A celebrare le esequie, al Don Orione, è stato l'arcivescovo Corrado Lorefice. La commozione per le parole della nipote Chiara. Il figlio Claudio, "Fate del bene". Il dolore del fratello Salvatore. Presente don Ciotti.

Tags: Commozione, Nipoti, Lorefice, Ciotti, Funerali, Rita Borsellino, Salvatore



Una chiesa gremita, quella del Don Orione a Palermo, stamattina per dare l'ultimo saluto a Rita Borsellino, la sorella del giudice Paolo ucciso dalla mafia nel 1992.
 
A celebrare la messa l'arcivescovo Corrado Lorefice.
 
Tra i presenti anche don Luigi Ciotti che con Rita Borsellino ha condiviso un lungo percorso di testimonianza antimafia in giro per l'Italia.
 
Alla celebrazione funebre hanno preso parte i figli di Rita, il fratello Salvatore, il ministro della giustizia Alfonso Bonafede, Giancarlo Caselli, Rosi Bindi, il sindaco Leoluca Orlando.
 
 
"Quando mi è giunta notizia della morte di Rita Borsellino ho provato sentimento interiore, una sorta di solitudine e mi sono detto: ora a Palermo siamo più soli.
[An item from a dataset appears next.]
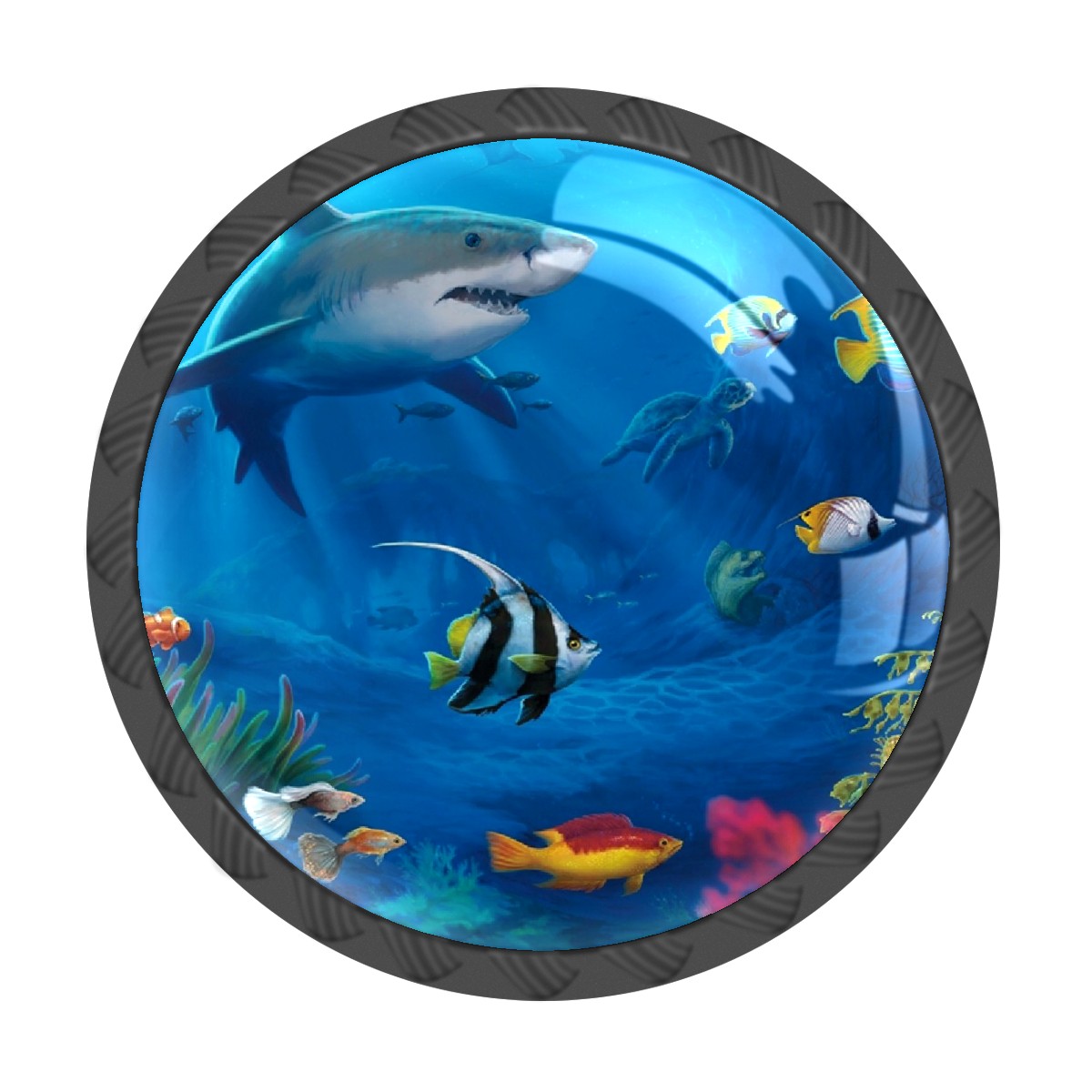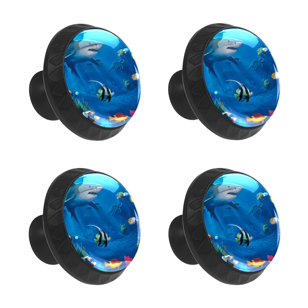 4 Pack Ocean Shark Cabinet Knobs Hardware Crystal Glass Drawer Pulls Knobs for Dresser Kitchen Bathroom Cabinets Drawers Black Furniture Cupboard Wardrobe Handles Round, 1-3/8''

Ma mi è venuto in mente il ricordo, e ancora lo sguardo di Rita del 19 Luglio quando lei stessa ha voluto la benedizione di quella targa sotto quell'albero di ulivo, che parla come un segno in via D'Amelio".
 
Così ha detto durante la sua omelia l'arcivescovo Lorefice.
 
"Il 19 luglio scorso -ha aggiunto - nel giorno della commemorazione dell'eccidio, disse in una intervista che il modo migliore per ricordare Paolo Borsellino è fare memoria nell'opera quotidiana. Rita ha fatto suo il testamento morale di Paolo Borsellino. Lotta alla mafia non sia solo distaccata opera di repressione ma movimento culturale che coinvolgesse le giovani generazioni".
 
"Queste parole - ha osservato l'arcivescovo - mi hanno fatto recuperare il libro cui Rita attingeva e attinge ogni cristiano, il Vangelo. Il libro della storia non sarà letto dai potenti ma dagli operatori di pace. Il cuore di Rita, era limpido. Non doppio. Non avvezzo al compromesso all'idolatria del denaro. Il libro rosso della famiglia borsellino sono state le beatitudini. Da Rita possiamo imparare qualcosa dell'umiltà e dell'audacia della fede nonostante i mille dubbi che si porta, le mille domande e le attese di giustizia".
 
Commovente l'intervento di Chiara Corrao, nipote di Rita Borsellino e figlia di Cecilia Fiore.
 
"Nonna Rita - ha detto - era ed è amore puro per tutto. Non ha mai conosciuto sentimenti negativi che riusciva sempre a trasformare in amore nel perdono. E' questo il più grande insegnamento di mia nonna. Una donna diversa che è riuscita a regalarci una famiglia che va oltre a quella di sangue".
 
"Mia nonna - ha aggiunto - è corna dure. Quando si mette una cosa in testa la fa. E sono sicura che adesso potrà fare più cose. Negli ultimi mesi il corpo non glielo permetteva più di fare tutte quelle attività che riusciva a portare avanti, adesso sono certa potrà fare di più".
 
"Qui in questa chiesa non c'è tristezza - ha detto ancora Chiara - e non ce ne può essere, perché mia nonna era felicità e gioia di vivere. Una gioia contagiosa. Io mi sono sforzata di piangere in questi giorni, ma bastava il ricordo del sorriso di mia nonna per mettermi allegria e farmi passare la tristezza".
 
A prendere la parola è stato anche Giulio Campo, capo scout che ha lavorato per anni con Rita.
 
"Siamo stati bene insieme. Tu sei stata una cara amica. La tua memoria ci imporrà di agire costantemente per continuare nella strada da te segnata...".
 
Alla fine ha parlato anche il figlio di Rita, Claudio Fiore.
 
"Una volta che usciamo da qui oggi portiamo con noi l'insegnamento di mio zio e di mia madre. Fate del bene ognuno per quello che può ognuno per quello che sa".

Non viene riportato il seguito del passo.